◆ **INPUT FOR THIS TASK**
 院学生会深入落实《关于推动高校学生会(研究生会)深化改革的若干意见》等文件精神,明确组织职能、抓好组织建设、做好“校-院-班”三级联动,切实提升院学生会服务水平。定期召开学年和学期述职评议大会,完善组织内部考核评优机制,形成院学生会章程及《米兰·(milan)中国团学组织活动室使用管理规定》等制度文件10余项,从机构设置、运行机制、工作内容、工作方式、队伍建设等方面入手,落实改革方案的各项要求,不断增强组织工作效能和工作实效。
* * *
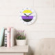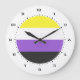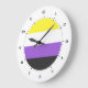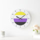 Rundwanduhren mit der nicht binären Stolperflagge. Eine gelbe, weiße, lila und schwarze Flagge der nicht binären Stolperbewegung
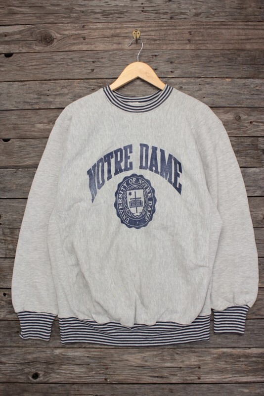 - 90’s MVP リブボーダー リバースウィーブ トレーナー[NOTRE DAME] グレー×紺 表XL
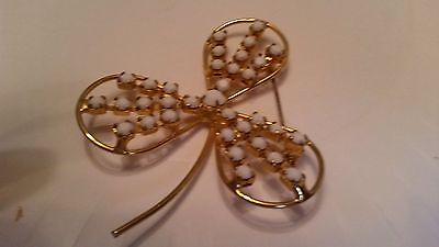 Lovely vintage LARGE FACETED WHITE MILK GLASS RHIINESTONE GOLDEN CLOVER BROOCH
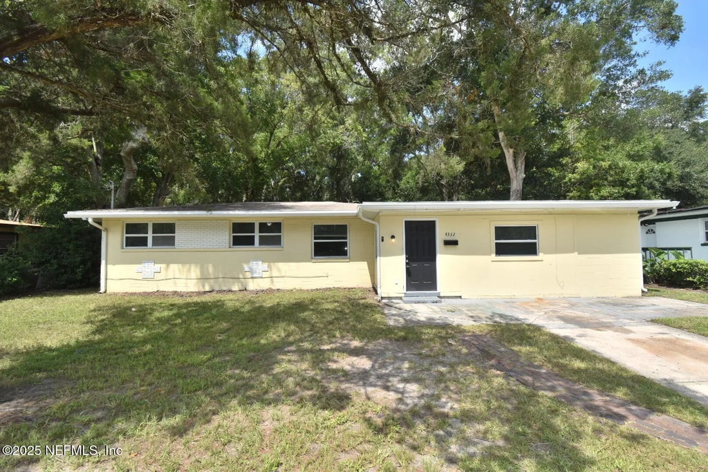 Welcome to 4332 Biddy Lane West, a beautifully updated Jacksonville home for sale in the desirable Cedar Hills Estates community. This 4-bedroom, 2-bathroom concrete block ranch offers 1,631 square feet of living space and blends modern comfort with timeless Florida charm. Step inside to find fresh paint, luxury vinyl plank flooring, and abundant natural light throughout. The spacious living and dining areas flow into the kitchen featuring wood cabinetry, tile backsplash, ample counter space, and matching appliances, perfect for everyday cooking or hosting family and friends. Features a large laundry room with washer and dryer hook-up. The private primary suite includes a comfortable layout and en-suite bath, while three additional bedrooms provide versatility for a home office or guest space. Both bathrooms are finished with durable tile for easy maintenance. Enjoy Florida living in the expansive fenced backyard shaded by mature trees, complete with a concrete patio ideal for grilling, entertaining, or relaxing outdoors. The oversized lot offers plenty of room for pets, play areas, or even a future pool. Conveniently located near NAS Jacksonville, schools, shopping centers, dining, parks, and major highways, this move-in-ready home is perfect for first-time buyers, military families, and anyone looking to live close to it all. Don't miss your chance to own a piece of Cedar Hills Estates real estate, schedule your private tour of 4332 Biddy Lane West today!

◆ **TASK STATEMENT**
Go to the line above that has "- 90’s MVP リブボーダー" and copy exactly from there down to the line that has "Lovely vintage LARGE", both included. Leave the pictures out.

◆ **THE COMPLETED TASK**
 - 90’s MVP リブボーダー リバースウィーブ トレーナー[NOTRE DAME] グレー×紺 表XL
 Lovely vintage LARGE FACETED WHITE MILK GLASS RHIINESTONE GOLDEN CLOVER BROOCH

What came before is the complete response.